23.06.2021 15:00 2 WH
Po trzech tygodniach, w środę (23 czerwca) molo w Pucku zostało otwarte dla przechodniów. Zakończył się remont po incydencie z samochodem dostawczym. Ponadto przed wejściem na molo pojawiły się donice z kwiatami.
Przypomnijmy, że 8 czerwca dostawczak wjechał na drewnianą konstrukcję i doprowadził do zerwania części molo. Jedno z kół pojazdu utknęło pomiędzy deskami. Więcej o zdarzeniu - tutaj.
Teraz burmistrz Pucka poinformowała, że remont się zakończył, a molo jest gotowe na spacerowiczów.
— Eksperci uznali, iż molo jest bezpieczne i możliwe do udostępnienia pieszym bez ograniczeń. To tak ku uspokojeniu niektórych - jest bezpiecznie, a finansowe sprawy odszkodowań ogarniamy – napisała Hanna Pruchniewska na Facebooku.

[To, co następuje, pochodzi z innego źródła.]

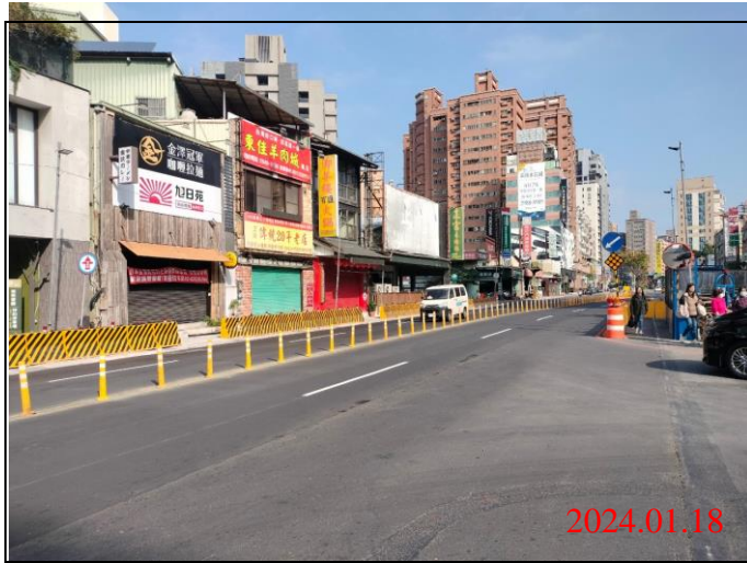
巡查日期地點：113.01.18/ Y21車站 照片說明：路面狀況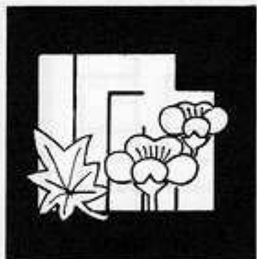
花 散 里 はな ちり さと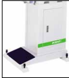
- Bancada máquina (MS-100)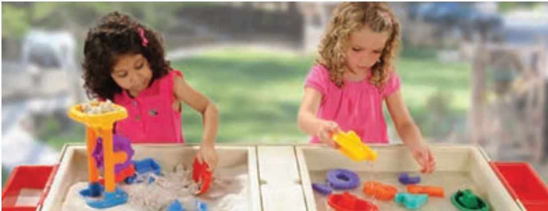
شکل ۷- فضای بهداشتی برای شن‌بازی و آب‌بازی کودکان

فعالیت ۶: در گروه‌های کلاسی، با توجه به تصویر بالا، در مورد روش‌های نگهداری فضای شن‌بازی و آب‌بازی گفت‌وگو کنید و نتیجه را در کلاس ارائه دهید.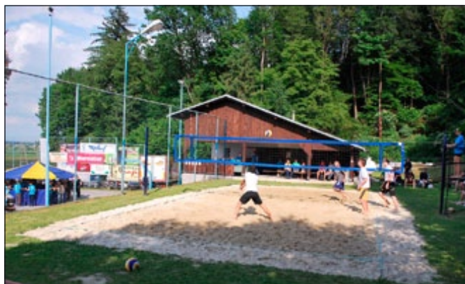
Odbojkarji v akciji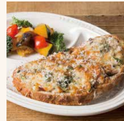
ほうれん草のクロックムッシュ 1,390

カンパニュ / ガーリックバター / ほうれん草 / オニオンソース / ペシャメルソース / ベーコン / ブラウンマッシュルーム / コーダ チーズ / チェダーチーズ / ベコリー / チーズ / カボナータ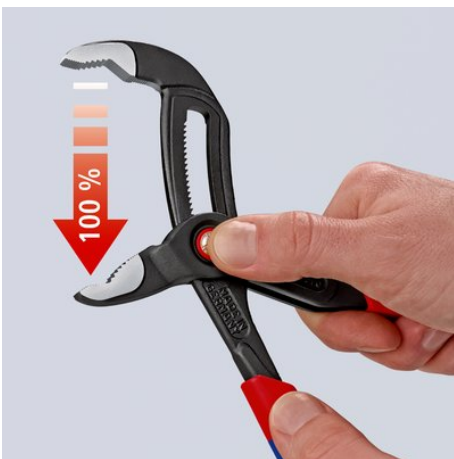
Appuyer sur le bouton – ouvrir intégralement la pince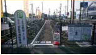
上北台第4公共自転車等駐輪場新設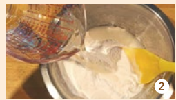
② 水を3回に分けて加え、ダマができないように混ぜ合わせます。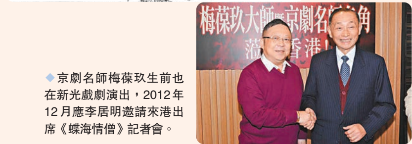
◆京劇名師梅葆玖生前也在新光戲院演出，2012年12月應李居明邀請來港出席《蝶海情僧》記者會。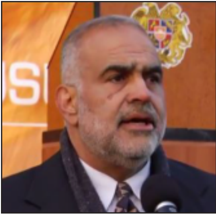
«Ժառանգութիւն» կուսակցութեան առաջնորդ Բաֆֆի Յովհաննիսեան

«Ժառանգութեան» առաջնորդը եւս մէկ անգամ կոչ արեց իրաւապահ համակարգի ղեկավարութեանը քրէական պատասխանատուութեան ենթարկել Դեկտեմբերի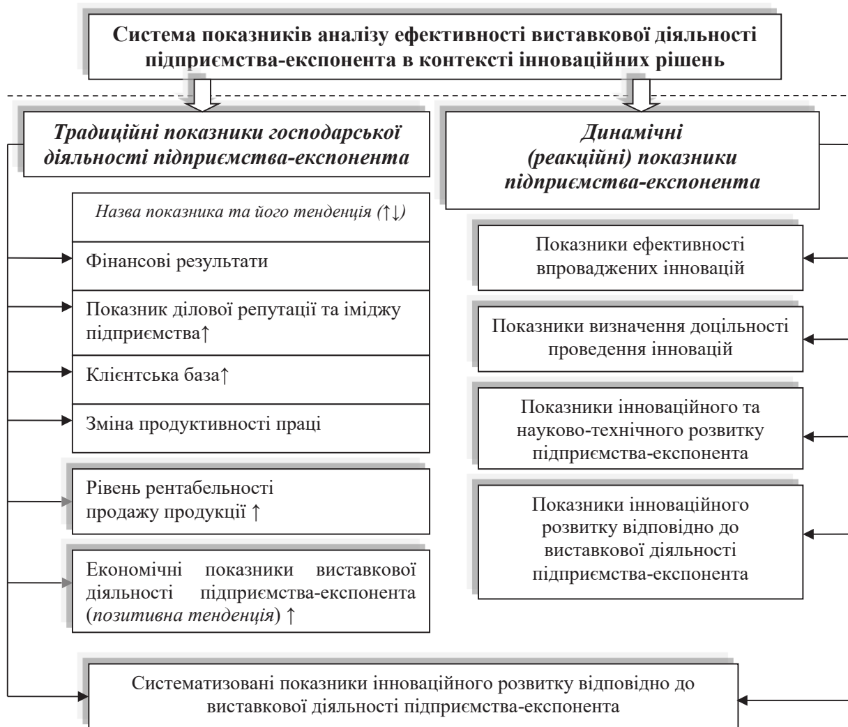
Рис. 2. Методика аналізу виставкової діяльності підприємства-експонента в контексті інноваційного розвитку Джерело: розроблено авторами

Джерело: систематизовано авторами на основі [1; 5; 7; 12; 13; 16–18; 20–23; 27–31]

Podczas prac całkowicie wymieniono poszycie pokładu drewnianego mola na powierzchni około 70 metrów kwadratowych i wzmocniono konstrukcję nośną, w tym częściowo wymieniono belki nośne.
— Na początku części drewnianej pojawiły się elementy ozdobne, które przy okazji powstrzymają przed dziwnymi praktykami. Jest między donicami taka odległość, by zmieścił się bliźniaczy wózek dziecięcy – dodaje Pruchniewska.
Na molo obowiązuje zakaz przemieszczania się pojazdów. Dotyczy to także gokartów i rowerów.